Sabah Gazetesi yazarı ve ekonomist Kerem Alkin, 24 Aralık 2025 tarihli köşe yazısında, altın ve gümüşün geleneksel değer saklama rolünü aşarak stratejik bir önem kazandığını vurguladı. Alkin, bu iki kıymetli metalin Türkiye'nin sanayi ve teknoloji alanındaki ilerleyişinde sessiz ama hayati bir rol üstlendiğinin altını çizdi.
Rekor Fiyatların Arkasındaki Yapısal Değişim
Kerem Alkin yazısında, 2025 yılının altın ve gümüş için rekor fiyat artışlarına tanık olunan bir dönem olduğunu belirtti. Gümüşün ons fiyatı yüzde 140'lık bir artışla piyasaları şaşkına çevirirken, altının onsunun 4 bin 400 dolar seviyesini geçmesi, 2026 yılına dair beklentileri ve merakı artırdı.

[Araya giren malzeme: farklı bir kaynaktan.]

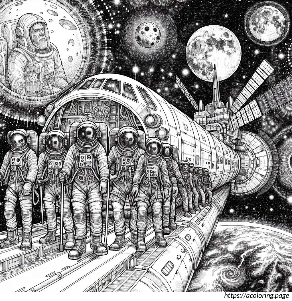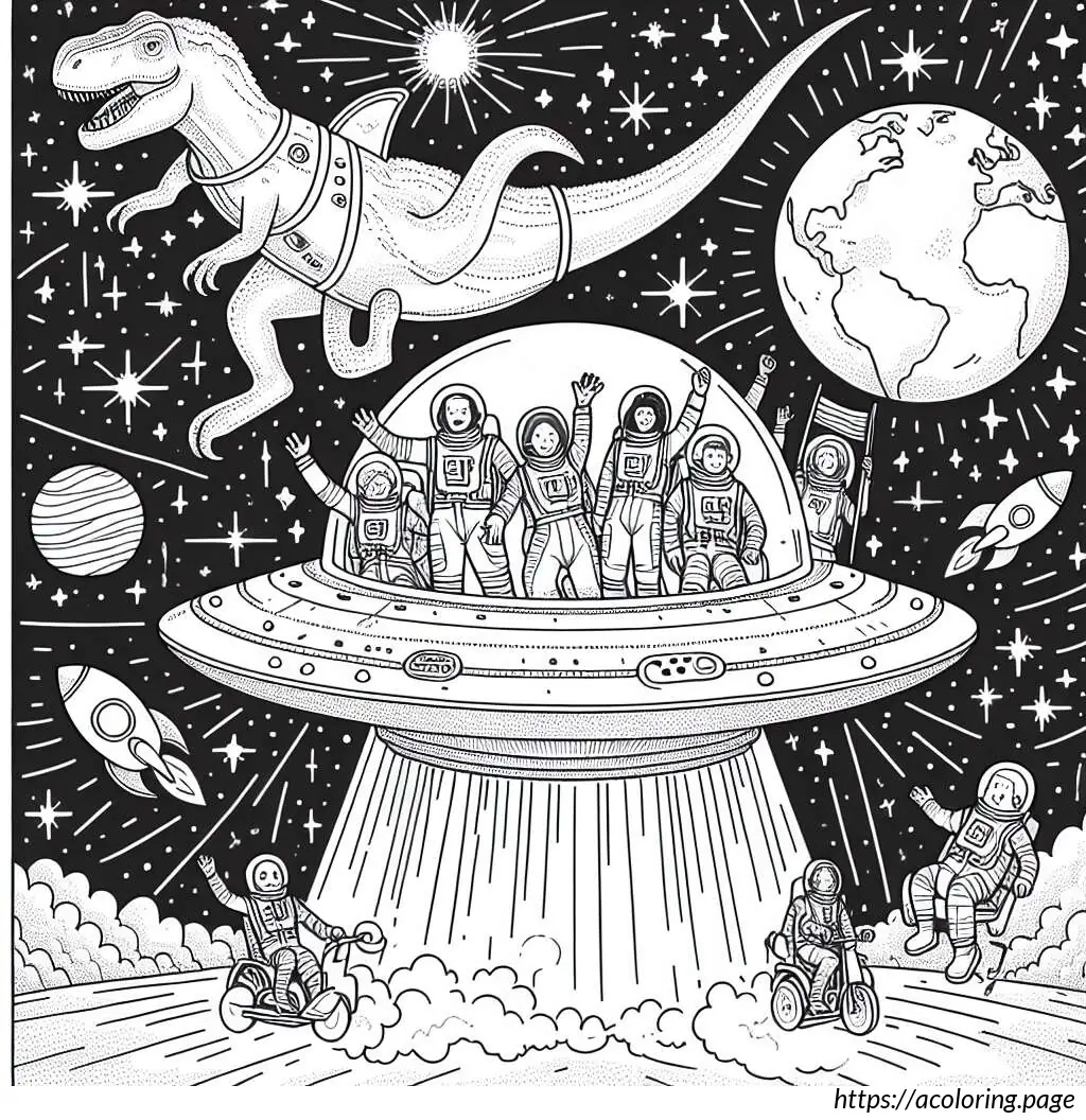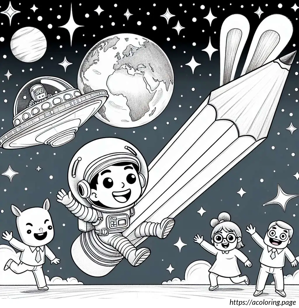 Overall, the illustration presents a playful and imaginative tableau of space travel and adventure, likely designed to engage young audiences in creative coloring and storytelling.

Ancak Alkin'e göre, bu yükselişi sadece jeopolitik gerilimler, savaşlar ve finansal dalgalanmalar karşısında bir "güvenli liman" arayışıyla açıklamak yetersiz kalıyor. Binlerce yıllık değerli metal algısının ötesine geçen altın ve gümüş, artan bir tempo ile stratejik bir sanayi girdisine dönüşüyor.
Fabrikalardan Dijital Omurgaya: Aktif Rol
Kerem Alkin, bugün altın ve gümüşün banka kasalarında pasif bir şekilde tutulan varlıklar olmaktan çıktığını ifade ediyor. Bu metaller artık fabrikalarda işleniyor, elektronik devre kartlarına entegre ediliyor, enerji dönüşümünü mümkün kılıyor ve dijital altyapının görünmeyen temelini oluşturuyor.
Dolayısıyla fiyatlardaki yukarı yönlü hareket, sadece kısa vadeli bir endişe refleksi değil; aynı zamanda yapısal, kalıcı ve sanayi kaynaklı bir talep patlamasıyla doğrudan bağlantılı. Bu durum, iki metalin gelecekteki değer proposition'ını temelden değiştiriyor.
Gümüş: Yeşil ve Dijital Dönüşümün Vazgeçilmezi
Yazıda özellikle gümüşe dikkat çekiliyor. Tarihsel olarak altının gölgesinde kalmış gibi görünen gümüş, günümüzde dijital ve yeşil dönüşümün en kritik hammaddelerinden biri haline gelmiş durumda.
Kerem Alkin, güneş panelleri, elektrikli araçlar, veri merkezleri ve akıllı cihazlar gibi geniş bir ürün yelpazesinde gümüş talebinin katlanarak arttığını vurguluyor. "Yeşil dönüşüm gümüşsüz ilerlemiyor; dijitalleşme gümüşü sistemin dışına itemiyor" ifadelerini kullanan Alkin, bu metalin stratejik öneminin her geçen gün daha da belirginleşeceğini işaret ediyor.
Sonuç olarak, Kerem Alkin'in analizi, altın ve gümüşün Türkiye ekonomisi ve sanayisi için taşıdığı anlamın derinleştiğini ortaya koyuyor. Bu metaller, artık sadece merkez bankası rezervleri veya bireysel portföyler için değil, ülkenin teknoloji ve sürdürülebilir kalkınma yol haritası için de kritik bir role sahip.